## [RECORDS FOR THE TASK]
◇ ◇ ◇ ◇ ◇ ◇ ◇
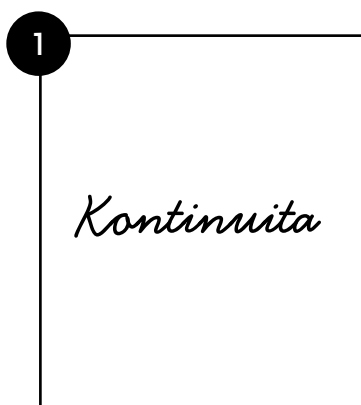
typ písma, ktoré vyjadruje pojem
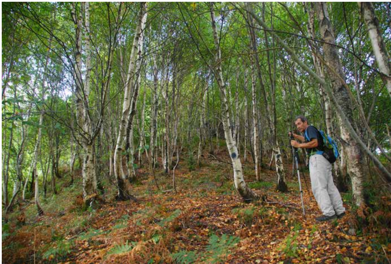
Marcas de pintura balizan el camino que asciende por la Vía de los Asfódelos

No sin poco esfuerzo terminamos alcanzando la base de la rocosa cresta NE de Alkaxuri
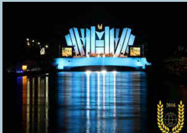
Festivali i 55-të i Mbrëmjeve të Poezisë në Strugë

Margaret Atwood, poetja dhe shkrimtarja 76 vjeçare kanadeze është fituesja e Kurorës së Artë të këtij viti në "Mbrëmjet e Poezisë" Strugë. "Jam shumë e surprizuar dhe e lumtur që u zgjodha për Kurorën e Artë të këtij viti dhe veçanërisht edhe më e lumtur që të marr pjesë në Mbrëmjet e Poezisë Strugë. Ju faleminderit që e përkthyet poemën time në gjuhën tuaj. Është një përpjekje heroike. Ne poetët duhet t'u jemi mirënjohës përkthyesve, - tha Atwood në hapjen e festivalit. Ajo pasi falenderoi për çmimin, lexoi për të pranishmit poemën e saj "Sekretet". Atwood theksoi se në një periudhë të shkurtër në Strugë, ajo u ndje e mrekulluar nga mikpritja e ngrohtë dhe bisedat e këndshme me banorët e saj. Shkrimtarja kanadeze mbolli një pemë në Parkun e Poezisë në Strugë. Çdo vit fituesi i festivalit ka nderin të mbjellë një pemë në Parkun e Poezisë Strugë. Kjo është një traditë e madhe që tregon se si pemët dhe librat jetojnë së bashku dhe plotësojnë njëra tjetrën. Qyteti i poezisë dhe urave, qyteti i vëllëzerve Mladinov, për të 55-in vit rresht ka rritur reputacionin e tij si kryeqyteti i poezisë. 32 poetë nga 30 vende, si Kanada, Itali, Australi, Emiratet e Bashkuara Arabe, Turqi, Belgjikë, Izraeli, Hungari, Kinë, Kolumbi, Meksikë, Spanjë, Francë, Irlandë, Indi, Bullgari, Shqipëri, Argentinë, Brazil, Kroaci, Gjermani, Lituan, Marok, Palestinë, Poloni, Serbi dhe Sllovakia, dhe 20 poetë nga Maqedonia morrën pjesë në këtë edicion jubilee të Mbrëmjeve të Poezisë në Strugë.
◇ ◇ ◇ ◇ ◇ ◇ ◇
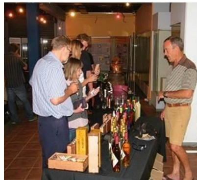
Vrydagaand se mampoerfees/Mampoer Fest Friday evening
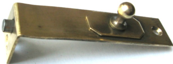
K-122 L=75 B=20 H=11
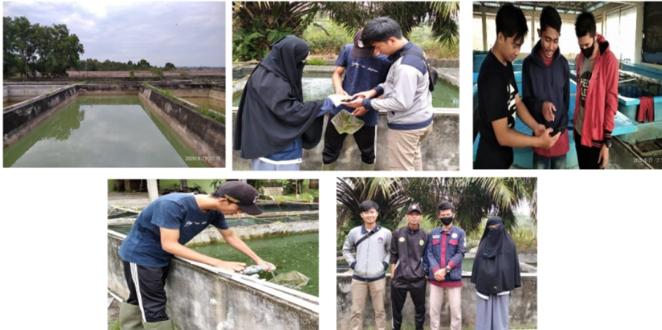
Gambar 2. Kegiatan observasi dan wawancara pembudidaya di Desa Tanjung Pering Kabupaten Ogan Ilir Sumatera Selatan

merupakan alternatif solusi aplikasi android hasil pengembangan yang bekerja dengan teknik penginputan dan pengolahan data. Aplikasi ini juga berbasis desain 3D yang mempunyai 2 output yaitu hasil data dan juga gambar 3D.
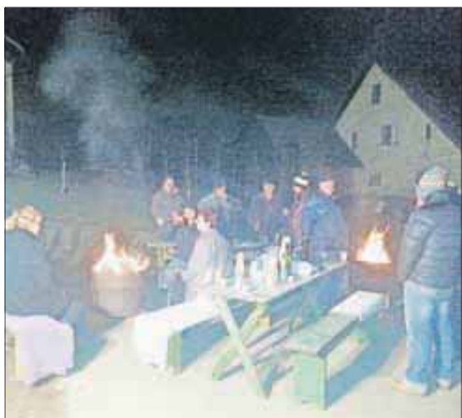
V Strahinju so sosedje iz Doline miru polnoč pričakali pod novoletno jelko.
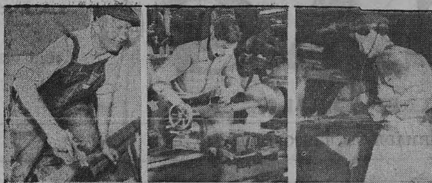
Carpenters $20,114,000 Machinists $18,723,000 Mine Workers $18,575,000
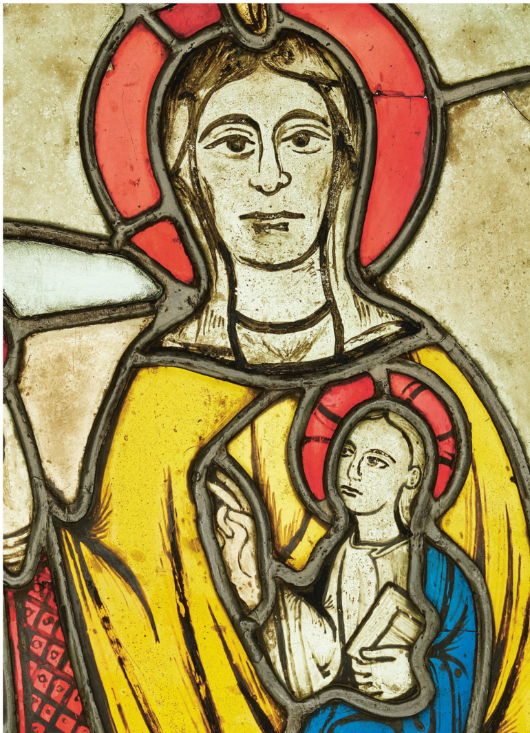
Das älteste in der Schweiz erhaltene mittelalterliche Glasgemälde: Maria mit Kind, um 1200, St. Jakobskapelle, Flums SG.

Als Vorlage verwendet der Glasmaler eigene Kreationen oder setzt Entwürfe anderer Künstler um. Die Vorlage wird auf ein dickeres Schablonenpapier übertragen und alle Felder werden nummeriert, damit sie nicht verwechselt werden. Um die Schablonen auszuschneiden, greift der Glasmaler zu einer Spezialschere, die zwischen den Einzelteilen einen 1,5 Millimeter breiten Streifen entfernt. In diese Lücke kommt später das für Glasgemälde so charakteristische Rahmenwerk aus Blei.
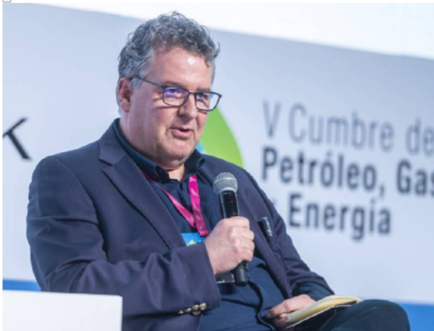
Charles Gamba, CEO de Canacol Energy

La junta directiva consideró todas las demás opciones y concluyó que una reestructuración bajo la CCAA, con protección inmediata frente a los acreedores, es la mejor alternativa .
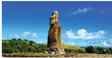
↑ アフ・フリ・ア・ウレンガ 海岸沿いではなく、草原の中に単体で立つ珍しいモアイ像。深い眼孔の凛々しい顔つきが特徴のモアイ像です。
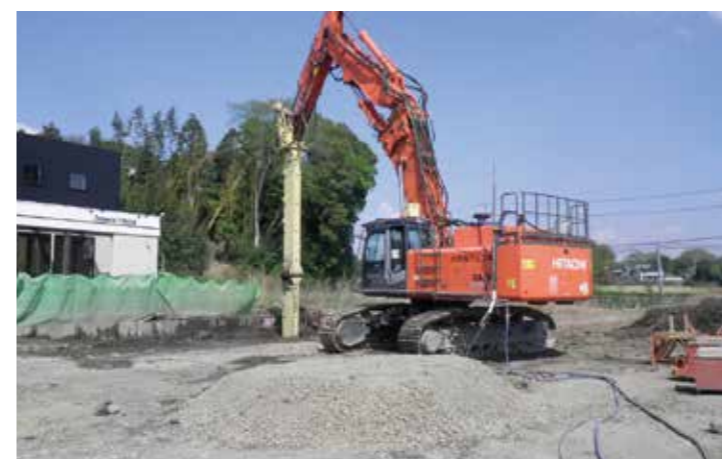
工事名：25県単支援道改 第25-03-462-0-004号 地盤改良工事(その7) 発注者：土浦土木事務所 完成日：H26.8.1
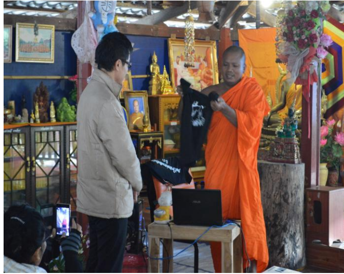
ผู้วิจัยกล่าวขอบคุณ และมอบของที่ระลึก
◇ ◇ ◇ ◇ ◇ ◇ ◇
## [WHAT YOU HAVE TO DO]
Look for the string "Strugë" in the listing above and copy every line holding it.

## [EXPECTED OUTPUT]
Festivali i 55-të i Mbrëmjeve të Poezisë në Strugë
Margaret Atwood, poetja dhe shkrimtarja 76 vjeçare kanadeze është fituesja e Kurorës së Artë të këtij viti në "Mbrëmjet e Poezisë" Strugë. "Jam shumë e surprizuar dhe e lumtur që u zgjodha për Kurorën e Artë të këtij viti dhe veçanërisht edhe më e lumtur që të marr pjesë në Mbrëmjet e Poezisë Strugë. Ju faleminderit që e përkthyet poemën time në gjuhën tuaj. Është një përpjekje heroike. Ne poetët duhet t'u jemi mirënjohës përkthyesve, - tha Atwood në hapjen e festivalit. Ajo pasi falenderoi për çmimin, lexoi për të pranishmit poemën e saj "Sekretet". Atwood theksoi se në një periudhë të shkurtër në Strugë, ajo u ndje e mrekulluar nga mikpritja e ngrohtë dhe bisedat e këndshme me banorët e saj. Shkrimtarja kanadeze mbolli një pemë në Parkun e Poezisë në Strugë. Çdo vit fituesi i festivalit ka nderin të mbjellë një pemë në Parkun e Poezisë Strugë. Kjo është një traditë e madhe që tregon se si pemët dhe librat jetojnë së bashku dhe plotësojnë njëra tjetrën. Qyteti i poezisë dhe urave, qyteti i vëllëzerve Mladinov, për të 55-in vit rresht ka rritur reputacionin e tij si kryeqyteti i poezisë. 32 poetë nga 30 vende, si Kanada, Itali, Australi, Emiratet e Bashkuara Arabe, Turqi, Belgjikë, Izraeli, Hungari, Kinë, Kolumbi, Meksikë, Spanjë, Francë, Irlandë, Indi, Bullgari, Shqipëri, Argentinë, Brazil, Kroaci, Gjermani, Lituan, Marok, Palestinë, Poloni, Serbi dhe Sllovakia, dhe 20 poetë nga Maqedonia morrën pjesë në këtë edicion jubilee të Mbrëmjeve të Poezisë në Strugë.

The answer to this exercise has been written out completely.